Ship Creek () is a small river that flows into an area of coastal swamp forest on the West Coast of New Zealand's South Island. Ship Creek is approximately  long and flows northwest from catchment areas on the slopes of Bald Hill, reaching the Tasman Sea around  north-east of Haast. Near the mouth of Ship Creek, there are short walks around dune lakes and ancient kahikatea swamp forest.

Toponymy
The original Māori name for the creek and the local area is Tauparikākā, which, according to local Māori, references "parrots all walking in a row".

The name Ship Creek derives from the discovery of part of the hull of a wrecked ship at this location in the 1870s. A piece of the wreck was sent to Wellington for examination. Details of the construction indicated the possibility that the timbers came from the wreck of the SS Schomberg, a clipper ship on her maiden voyage from Liverpool to Melbourne that struck an uncharted reef and was wrecked on the Shipwreck Coast on 27 December 1855. A piece of the wreck was then sent to Melbourne, and this provided further support for the identification of the timbers as coming from the wreck of the Schomberg. The parts of the hull found at Ship Creek had drifted  across the Tasman Sea from the coast of Victoria, to come ashore on the beach north of Haast. Over time, the build up of sand led to the wreckage being inland from the high tide mark on the shores of Ship Creek, and became covered in scrub.

Geography 

Ship Creek is at the northern end of the Haast plain that extends  to Jackson Bay / Okahu. The plain has an unusual landform, with long parallel lines of low hills with narrow swales in between. In some places, the plain is  wide, with six rows of dunes and swales. The landform results from the combined effects of sediment carried to the coast by six large rivers, longshore drift and periodic seismic uplifts. The rivers discharging into the Tasman sea in this region of coastline drain from large catchment areas in the Southern Alps, where there is high rainfall and the mountains have high rates of erosion. The suspended sediment yield of the Arawhata River has been reported as 7.18 Mt/yr, and the Haast River as 5.93 Mt/yr. The total estimated suspended sediment yield from rivers in South Westland is over 50 Mt/yr. Longshore drift leads to much of this sediment being deposited along the Haast coastline, forming dunes. The Alpine Fault runs along the inland edge of the plain, and the entire area is subject to tectonic uplift during major seismic events. Following a major uplift, existing dunes are no longer exposed to the action of the sea, and new dunes begin to form. This creates a longitudinal pattern of dunes with low-lying wetlands in between. The coastal plain is approximately 6,000 years old. The dunes close to the current shoreline have little vegetation, but the older dunes further inland are forested with tall podocarps. The swales contain wetland lakes, pakihi and kahikitea swamp forest.

Ship Creek walks
There is a car park adjacent to  that provides access to two short walks.

Dune lake walk

This  loop walk begins at an information centre beneath a shelter. A boardwalk follows along the current active sand dunes, passing through the most recent swale between dunes, and an older dune that is now forested. The forest in this area has been stunted by the action of the wind. The views from the beach to the south-west extend to Jackson Head.

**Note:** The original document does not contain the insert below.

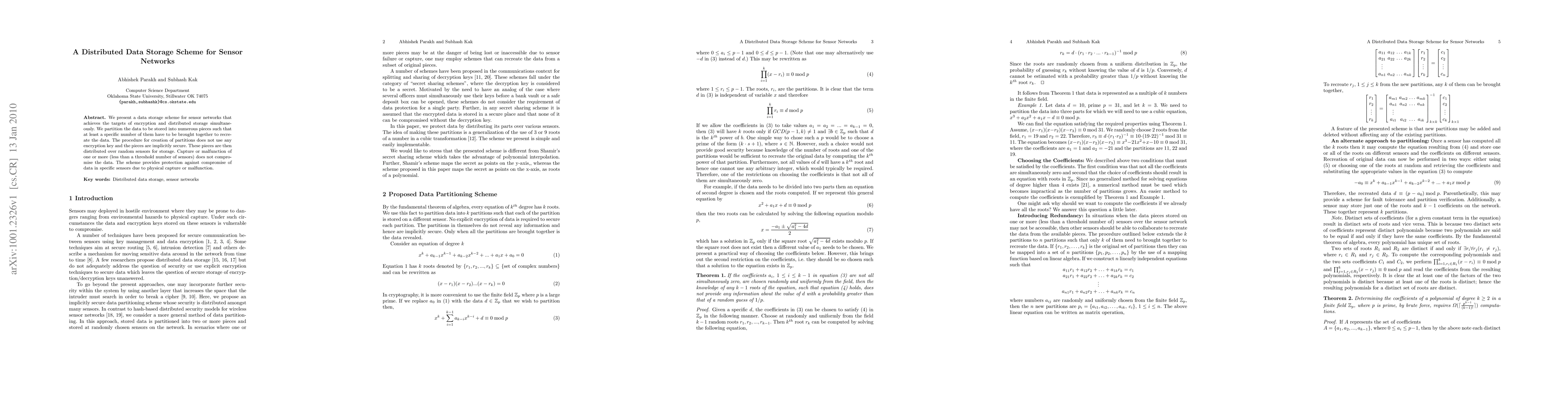 The scheme partitions data into secure pieces that can be stored on multiple random sensors, making it resilient to sensor capture or malfunction without compromising overall data integrity.

Notable vegetation in the dunes includes the sedge pingao which binds sand. Flax grows at the outer limit of the areas of low scrub and forest. As the path moves inland onto longer established dunes, the plants that can be seen include toetoe, mingimingi, Coprosma rhamnoides, cabbage tree, māhoe, and Hall's totara. Ferns include hound's tongue fern and kiokio. Older and more stable dunes support taller forest where there is kamahi, karamu, southern rata, kiekie, tree fuchsia and mountain three-finger.

An observation platform provides views over Lake Mataketake in the swale between the lines of dunes. The return path passes through more mature forest on older dunes. A second observation platform allows a different view over the dune lake. There is dense forest on the rest of return path, with thick ground cover and plants at many levels, including climbing vines (scarlet rata, kiekie) and many epiphytes, including ferns and orchids.

Kahikatea swamp forest walk
This is an  loop track on a boardwalk, following Ship Creek to an area of dense coastal swamp forest with a large number of kahikatea (Dacrycarpus dacrydioides), New Zealand’s tallest tree.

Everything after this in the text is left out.